[Records drawn from a dataset]
☆ ☆ ☆ ☆
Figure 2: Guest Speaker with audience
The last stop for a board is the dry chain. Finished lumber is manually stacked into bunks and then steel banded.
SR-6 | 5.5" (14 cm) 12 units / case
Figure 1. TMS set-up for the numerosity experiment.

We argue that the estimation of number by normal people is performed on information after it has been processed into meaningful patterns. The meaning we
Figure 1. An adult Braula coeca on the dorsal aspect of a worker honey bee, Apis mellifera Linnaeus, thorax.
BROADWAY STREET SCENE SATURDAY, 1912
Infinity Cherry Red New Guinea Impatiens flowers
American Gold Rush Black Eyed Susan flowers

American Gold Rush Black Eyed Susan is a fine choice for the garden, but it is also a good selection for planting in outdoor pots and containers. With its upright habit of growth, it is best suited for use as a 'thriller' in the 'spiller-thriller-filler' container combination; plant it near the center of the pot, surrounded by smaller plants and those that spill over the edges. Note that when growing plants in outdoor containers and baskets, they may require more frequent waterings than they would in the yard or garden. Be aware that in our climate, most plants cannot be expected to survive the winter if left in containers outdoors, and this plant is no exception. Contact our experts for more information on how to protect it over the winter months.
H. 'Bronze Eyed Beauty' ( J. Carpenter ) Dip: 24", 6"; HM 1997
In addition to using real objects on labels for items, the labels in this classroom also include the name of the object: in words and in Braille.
☆ ☆ ☆ ☆
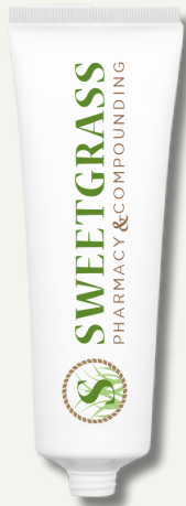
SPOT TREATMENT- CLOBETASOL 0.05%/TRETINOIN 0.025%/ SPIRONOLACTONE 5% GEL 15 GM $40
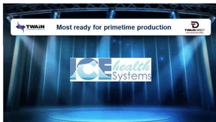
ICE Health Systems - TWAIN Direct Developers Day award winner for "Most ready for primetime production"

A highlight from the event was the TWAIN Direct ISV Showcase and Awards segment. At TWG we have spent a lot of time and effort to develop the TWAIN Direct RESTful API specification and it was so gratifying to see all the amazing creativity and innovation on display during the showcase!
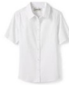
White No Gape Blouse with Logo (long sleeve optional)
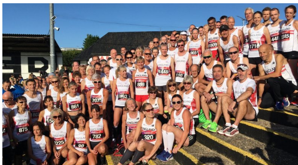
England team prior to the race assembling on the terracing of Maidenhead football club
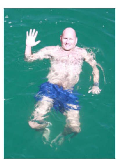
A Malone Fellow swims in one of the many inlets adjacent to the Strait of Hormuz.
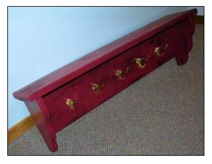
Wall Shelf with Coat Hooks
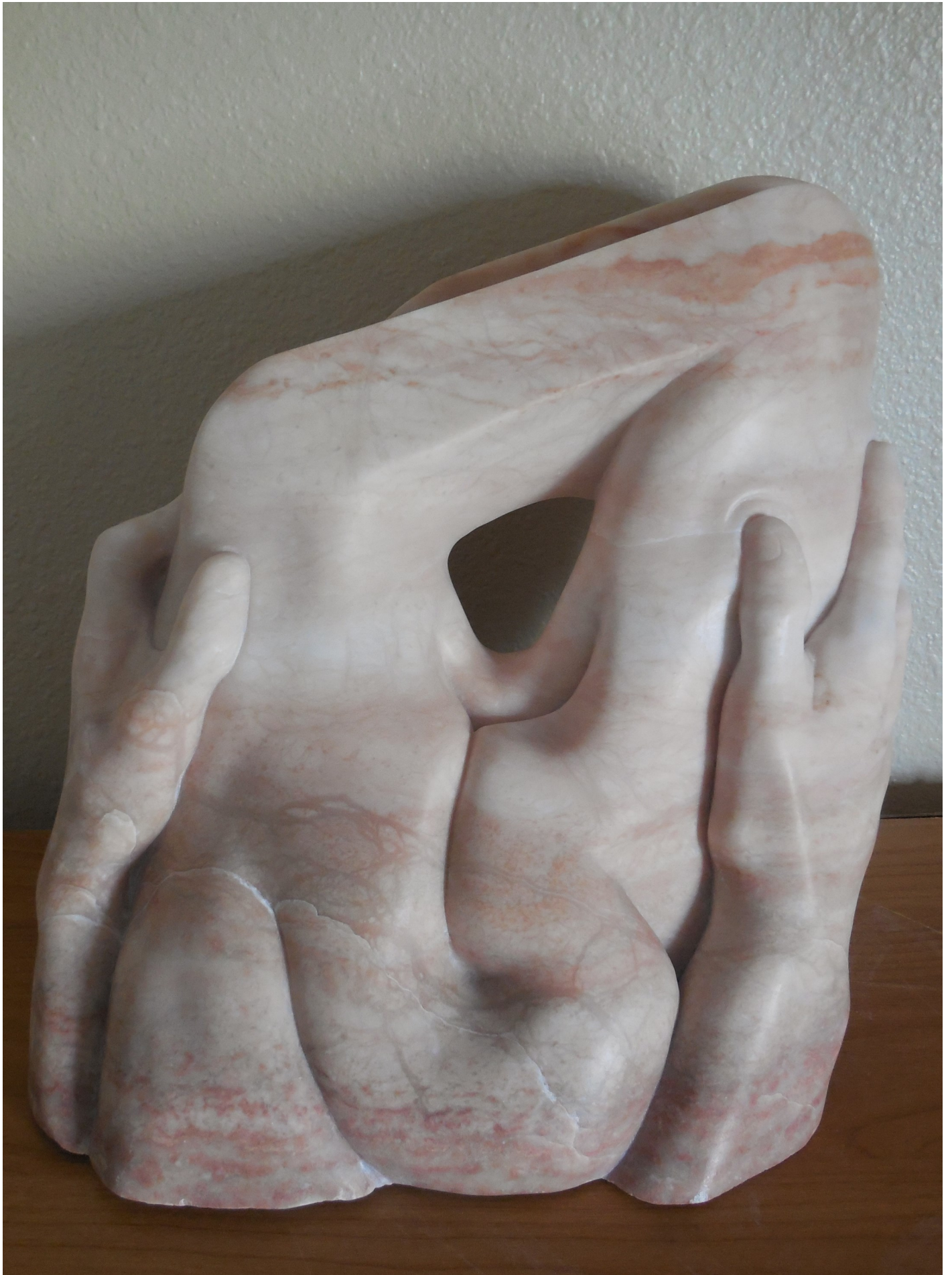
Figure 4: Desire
☆ ☆ ☆ ☆
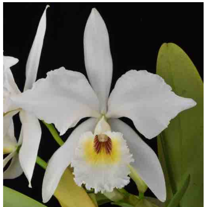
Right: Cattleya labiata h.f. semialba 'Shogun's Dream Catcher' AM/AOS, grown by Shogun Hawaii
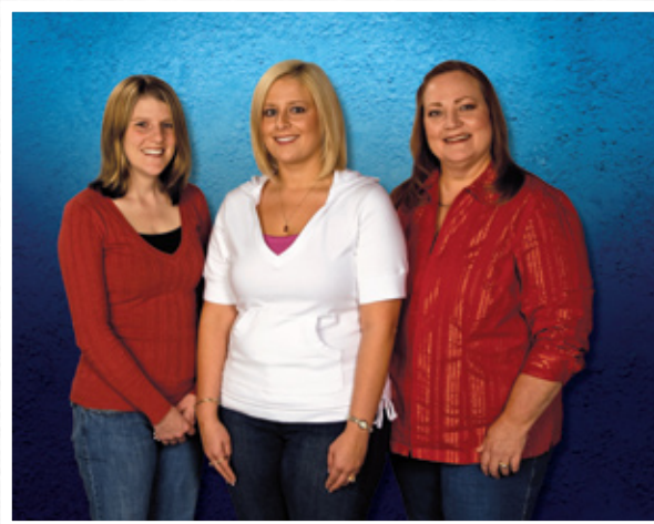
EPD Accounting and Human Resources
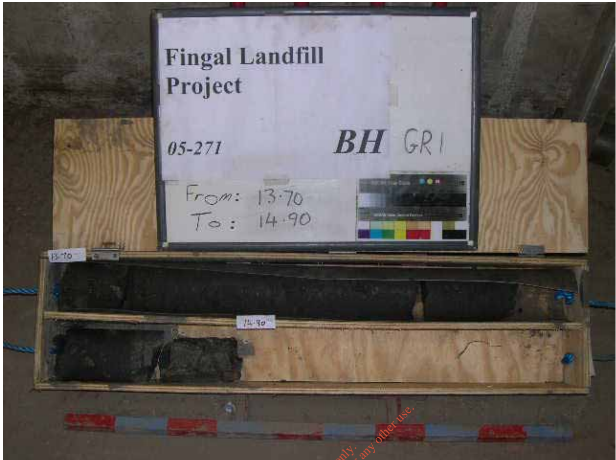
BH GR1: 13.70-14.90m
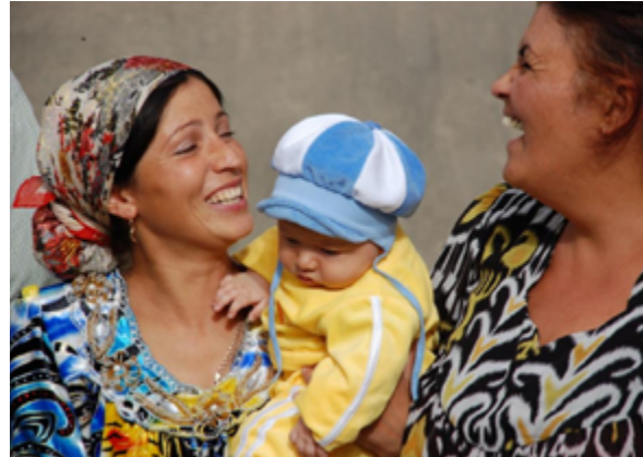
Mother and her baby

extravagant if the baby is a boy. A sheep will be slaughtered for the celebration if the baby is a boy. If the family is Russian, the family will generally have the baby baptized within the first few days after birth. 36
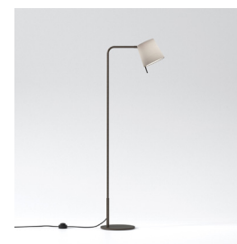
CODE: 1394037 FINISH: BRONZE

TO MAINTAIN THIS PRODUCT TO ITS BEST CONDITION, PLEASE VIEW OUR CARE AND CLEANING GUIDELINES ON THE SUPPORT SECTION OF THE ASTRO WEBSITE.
☆ ☆ ☆ ☆
# TASK GOAL
Print exactly the lines above, between the one holding "Figure 1. An" and the one holding "In addition to", inclusive, and nothing besides.

# SOLUTION TO THIS PROBLEM
Figure 1. An adult Braula coeca on the dorsal aspect of a worker honey bee, Apis mellifera Linnaeus, thorax.
BROADWAY STREET SCENE SATURDAY, 1912
Infinity Cherry Red New Guinea Impatiens flowers
American Gold Rush Black Eyed Susan flowers

American Gold Rush Black Eyed Susan is a fine choice for the garden, but it is also a good selection for planting in outdoor pots and containers. With its upright habit of growth, it is best suited for use as a 'thriller' in the 'spiller-thriller-filler' container combination; plant it near the center of the pot, surrounded by smaller plants and those that spill over the edges. Note that when growing plants in outdoor containers and baskets, they may require more frequent waterings than they would in the yard or garden. Be aware that in our climate, most plants cannot be expected to survive the winter if left in containers outdoors, and this plant is no exception. Contact our experts for more information on how to protect it over the winter months.
H. 'Bronze Eyed Beauty' ( J. Carpenter ) Dip: 24", 6"; HM 1997
In addition to using real objects on labels for items, the labels in this classroom also include the name of the object: in words and in Braille.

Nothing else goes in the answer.